Но пришла неожиданно взрослость.
Износивши свой плащ до дыр,
В чьё-то детство, как в дальнюю область,
Гастролировать убыл факир…

Вот и мой «факир», обещавший мне здесь интересных и талантливых людей, покинул меня, оставив лишь одну тайну. И она – Стас».

Он пришёл в Комитет примерно через год. Чистое бледноватое лицо, большие темные глаза с пристальным взглядом, высокий лоб с тёмным чубом… Обычно, приходя на работу, он долго бродил из угла в угол, потом садился за стол, непременно ставил перед собой графин с водой, брал ручку, чтобы что-то писать, но на этом всё и заканчивалось.

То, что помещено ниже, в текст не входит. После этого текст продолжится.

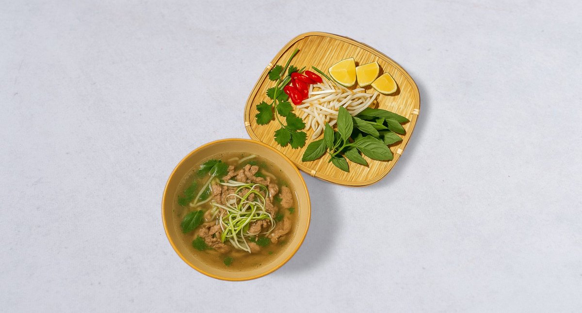 Głęboki, aromatyczny bulion z delikatnym makaronem ryżowym i świeżymi ziołami. Klasyka wietnamskiej kuchni

А еще жило в нём какое-то тихое сопротивление всему, что происходило вокруг, и это мне нравилось.

«Сегодня на собрании разбирали «неблаговидный поступок оператора и комсомольца Александра Федорова», – соблазнил какую-то девушку, но жениться не хочет, – и наш председатель Комитета Петр Ильич Луньков всё нападал на Сашку, а тот твердил: «Сама она… я по молодости… я по неопытности». Было смешно и жалко на него смотреть, а Петр Ильич, жестко сжав губы и скрестив руки на животе, всё наступал:

– Мало ли что не любишь! Ты – комсомолец и обязан жениться!

И когда в очередной раз стал «клеймить» Сашку, то Стас Могилевский вдруг встал и молча направился к двери.

– Куда Вы? – остановил его Луньков.

– Александр сам должен решить, что ему делать, – сказал только что утверждённый журналист и вышел.

Молодец Стас! А Луньков… Он развел руками и на лице кроме удивления я увидела: ну, что ж, тебе это так не пройдет!»

…Бродили со Стасом по тихим, совсем сельским улочкам Лубянки, и он пригласил заглянуть в его сад, – «Ведь яблони цветут, сирень!» И я пошла. Но только взглянув на этот праздник цветов, заспешила домой. Чего испугалась? И Стас провожал меня, а я была счастлива только тем, что идет рядом. Когда с веткой сирени из его сада пришла домой, долго не могла уснуть».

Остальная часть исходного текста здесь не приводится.